The first great principle which must be realised, is that the body itself, in all its various structures, is composed of different groupings of the same elements as exist in the several kinds of food. The

next is, that after the arrangement of the components of food has been altered by the juices with which they come into contact in the body during digestion, by which they are rendered soluble, they are taken up and assimilated, that is, they join the other elements similar to themselves already present in the structure, and in this manner alone new tissue is formed. It is manifest from this that food, to be properly balanced, must contain a sufficiency of all the various components of the body in something like the proportion in which those components are wasted in healthy organisms.

If there is an insufficiency of any of these components, those tissues requiring that particular component necessarily dwindle, being worked off in the splitting up of their composition and the elimination of their waste products, and not having the necessary increment of their own kind to maintain them at their normal standard, they become gradually worn out.

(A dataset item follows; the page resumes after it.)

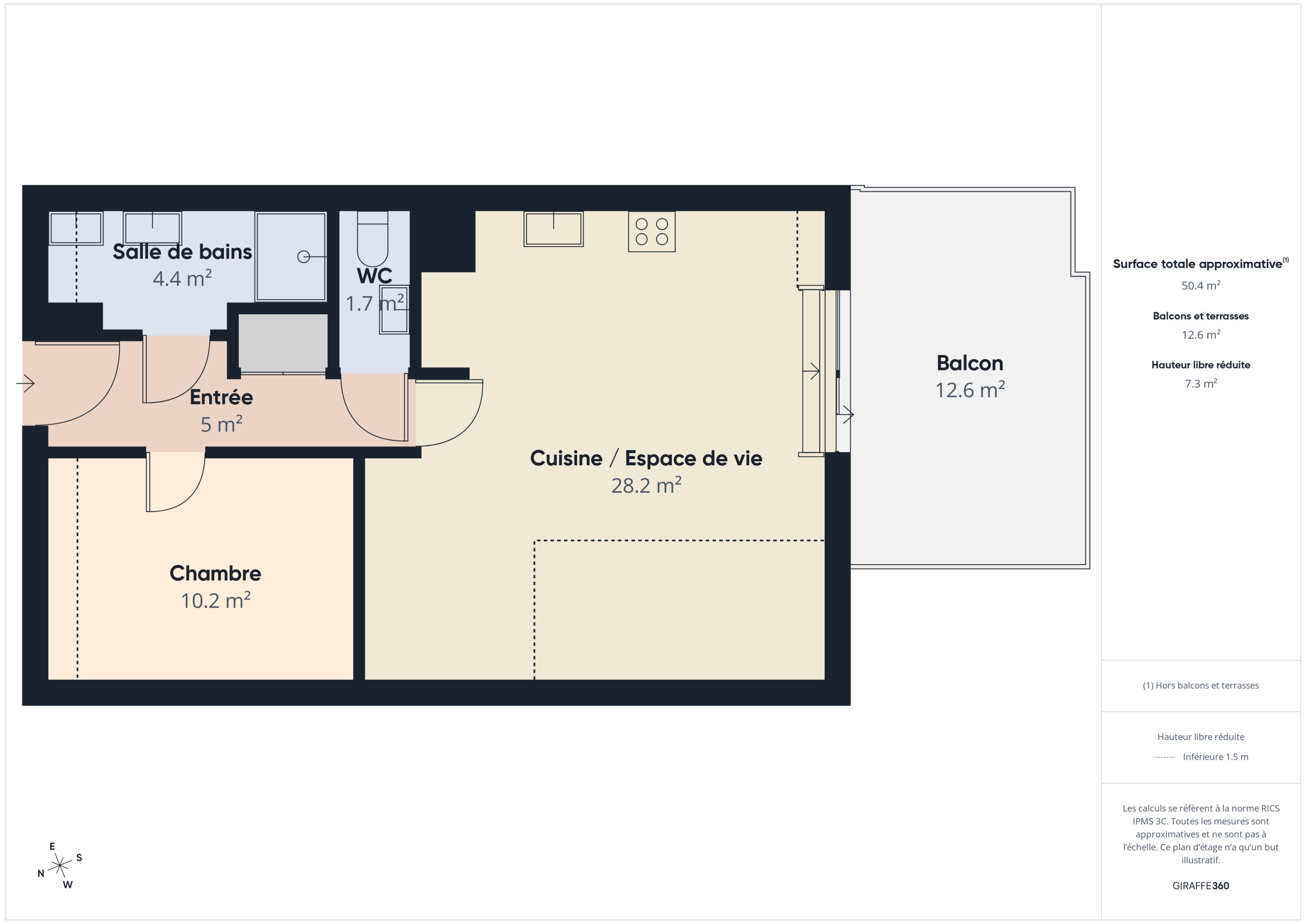 Inside, discover a large living area of over 30 m² offering direct access to the balcony. The open kitchen, fully equipped (refrigerator, freezer, oven, microwave, induction hob, dishwasher), allows you to prepare your meals as if at home. For breakfast, a kettle, a toaster, a filter coffee maker and a Nespresso machine are also available. Share your meals around the indoor dining table or enjoy the one on the balcony on beautiful days. In the evening, relax in the lounge area, comfortably seated on the sofa facing the television.

Now, if every one were born healthy, and there were no constitutional diseases, the proper system of diet might soon be arrived at; but inasmuch as, from the earliest times to the present, a certain peculiar tendency to some one particular form of disease, or a deviation from health, has been recognised in each individual, it is of the highest importance to ascertain in which direction the

tendency lies. By a well-regulated system of life, and notably by a proper selection of food, we may counteract that disposition, affording in plenty those matters which are lacking, and withholding such as in each individual case tend to form compounds in excess of those necessary for health.

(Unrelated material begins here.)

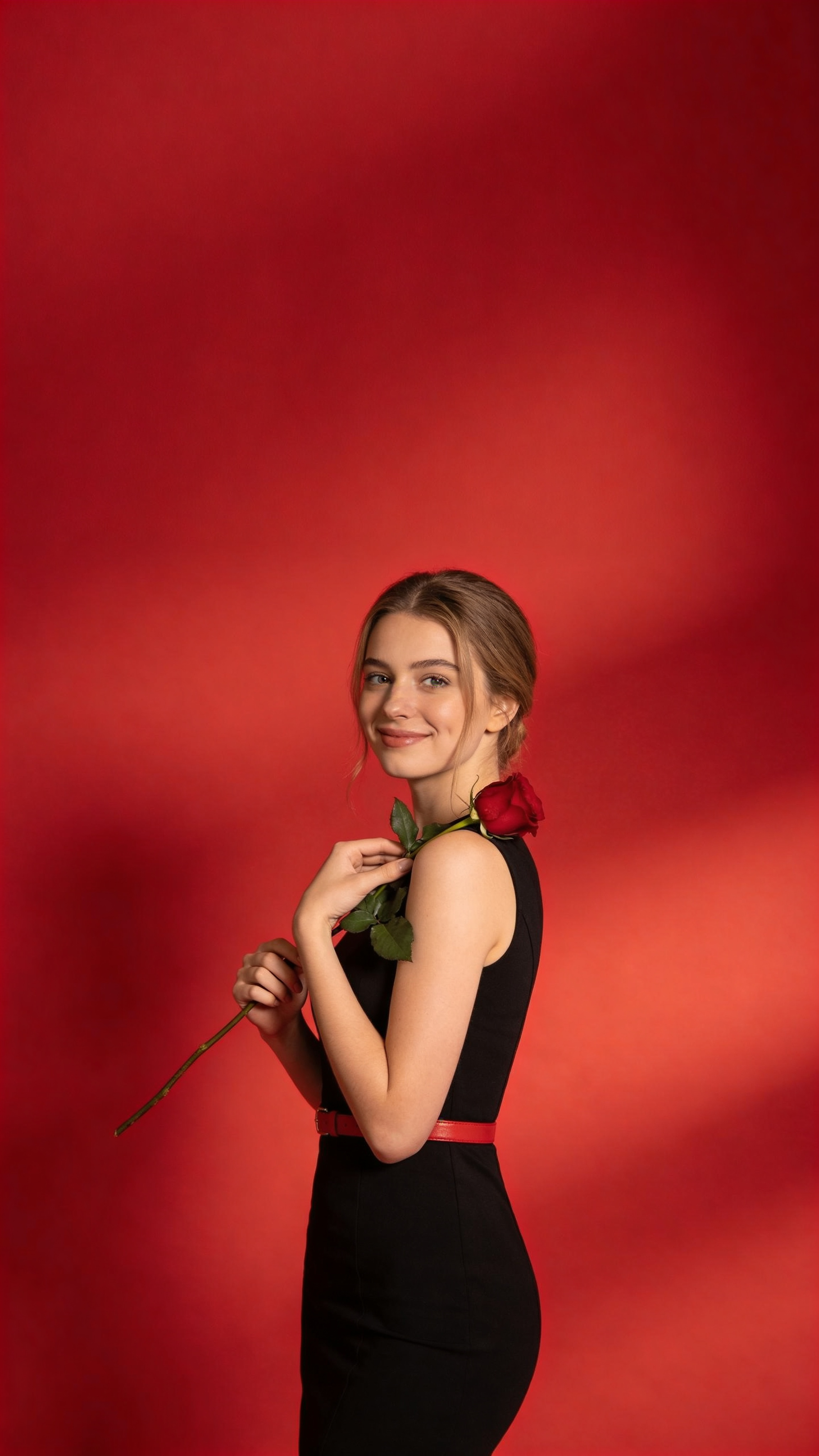 Professional studio 3/4 body portrait of a Caucasian/White woman in her late 20s, standing with a relaxed pose, holding a rose near her shoulder, soft smile. Outfit: fitted black dress with red belt. Background: red seamless with subtle shadow gradient, high-end fashion feel. Lighting: soft key with gentle edge light, sharp yet flattering. Clean composition, no captions, no writing, no text, no watermarks, no logos, no overlays

In this way, for example, taking infancy and childhood, the well-known disease called "rickets" is caused by a deficiency of phosphate of lime, on the presence of which solidity of bone depends. A healthy child may be starved into rickets by withholding those components of food, otherwise plentiful, which contain these salts, just as a rickety child may be fed into health by giving food which contains them in full proportion.

In the case of rickets, lime is an absolute necessity; but in the case of children brought up to drink plentifully of water charged with lime, we find Goitre, or Derbyshire neck, all kinds of deposit in the urine, and often stone in the bladder. Here, that which is beneficial to a rickety constitution is most injurious when the system is overcharged. Advancing, we may take the cases of pallor and weakness so common in over-crowded towns and cities, which are due to a want of salts of iron in the blood; in them, the kind of food taken is of the utmost importance, in order that it may provide a sufficiency of such salts.